Caroline Arabella Hall (1838 – December 11, 1918) was one of the eight founders of the National Grange of the Order of Patrons of Husbandry, an American agricultural fraternal organization better known as The Grange or Grange Hall.

==Biography==
Hall was born in Boston in 1838 to Hepzibah and Nathanial Hall.

She played a key role in assuring that women would be on an equal footing with men from the first inception of the Grange movement, feeling that because the family farm included women, then so should the organization that the family would join. Aware through her rural teaching that farm women were usually isolated on the farm, she saw that the Grange would offer an important opportunity for women to expand their talents. She became Oliver Hudson Kelley's assistant (she was also his niece). It was through her attention to detail and correspondence that Kelley's dream became a reality in organizing the Grange. The National Grange later dignified her vital contributions to the formation of the Order by recognizing her as co-equal with the other seven founders, stating:

Caroline Arabella Hall should have been named among the Founders because of her great influence on the fundamental structure of the Order. It was she who insisted that, "Your organization will not succeed unless you give an equal place to women."
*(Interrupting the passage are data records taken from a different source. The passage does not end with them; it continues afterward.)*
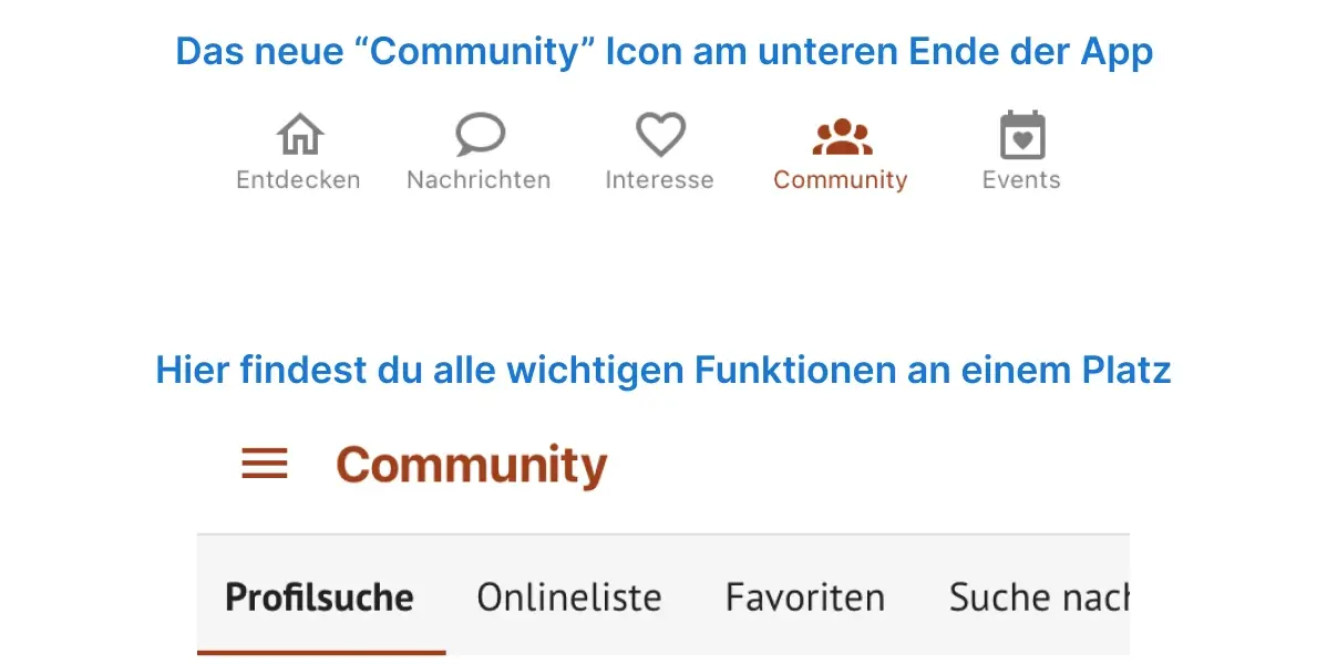Für alle, die unsere App und die WebApp nutzen, haben wir vor Kurzem eine kleine, aber – wie wir finden – sehr feine Änderung vorgenommen, damit die Partnersuche bei uns noch einfacher wird: Wir haben die Profilsuche, die Onlineliste, eure gespeicherten Favoriten und die Suche nach Namen unter dem Punkt „Community“ in der unteren Navigation zusammengefasst.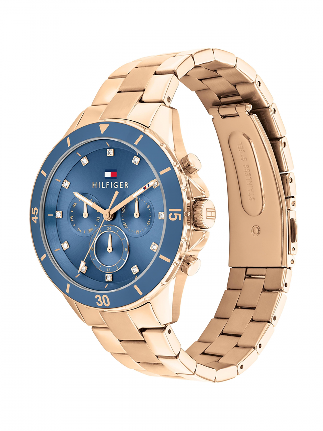 Женские кварцевые часы коллекции MELLIE.Круглый стальной корпус.12 и 24 часовой формат времени.Дата и день недели вынесены на отдельные циферблаты.Циферблат с метками в виде кристаллов.Минеральное стекло. Стальной браслет с раскладывающейся застежкой.Водозащита 5 АТМ/bar.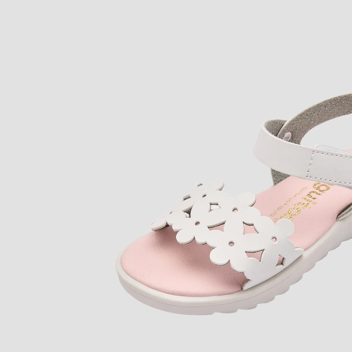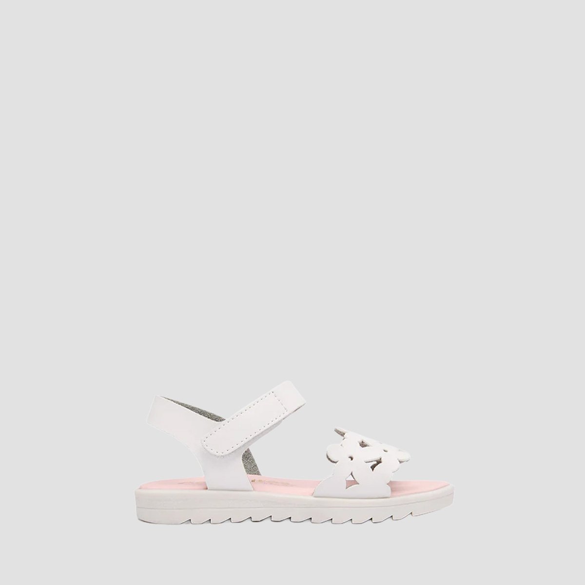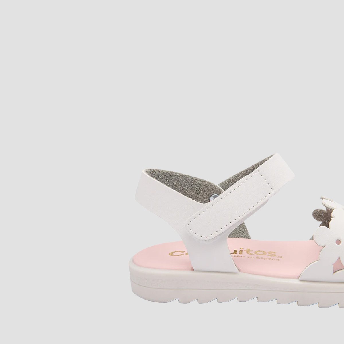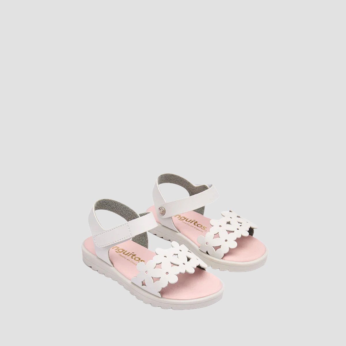 White Cut Flower Sandals for girls, made in Spain with a lightweight, durable build for warm-weather wear. The anatomical foot bed and suede insole help provide supportive comfort throughout the day, and the hook-and-loop strap makes them quick to put on and adjust.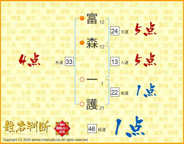 生活面を象徴する運勢です。外部から受ける影響力を表し、結婚運、家庭運や職場、環境への順応性を表します。総運から人運を引いた画数。姓や名が1文字の場合を除く。
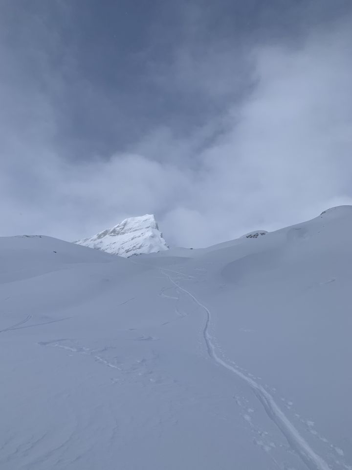 Pfeifend kalt aber genügende Unterlage und schöner Powder. Bei der Abfahrt unter 2100 bis 1949 ziemlich viel verblasen und wenig Unterlage. Wetter war überraschend top!!!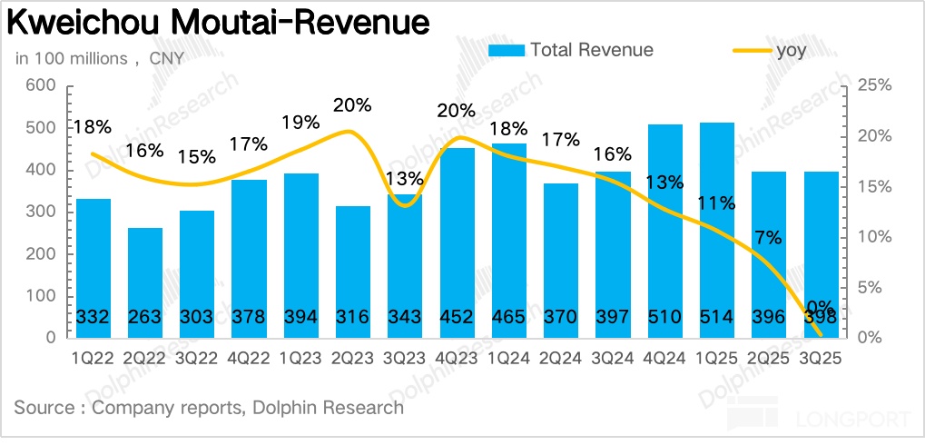 1、整体业绩实现正增长:3Q25 茅台共实现营收 398.1 亿元,同比增长 0.3%,低于市场预期(市场预期为 425 亿元)。核心在于市场预期主要基于上个季度的增速进行线性外推,而低估了酒企释放渠道压力的决心。

The city of Carrabelle, Florida, which was founded by her uncle in the late 1870s, was named after her. Hall also served as the town's first postmaster.

Hall lived with her brother, Albert R. Hall for many years on a farm near Knapp, Wisconsin, and inherited it on his death in 1905. Failing health caused her to move to an apartment in Minneapolis. On October 11, 1918, she was involved in an automobile accident near French Lick, Indiana, from which she never recovered, and she died at the age of 80 on December 11, 1918.

Hall was interred at Lake Wood Cemetery in Minneapolis. A friend said of her, "She just lived being sweet and lovely to everyone."

The eight founders of the Grange were Oliver Hudson Kelley, William Saunders, Francis M. McDowell, John Trimble, Aaron B. Grosh, John R. Thompson, William M. Ireland, and—recognized later than the other seven—Hall.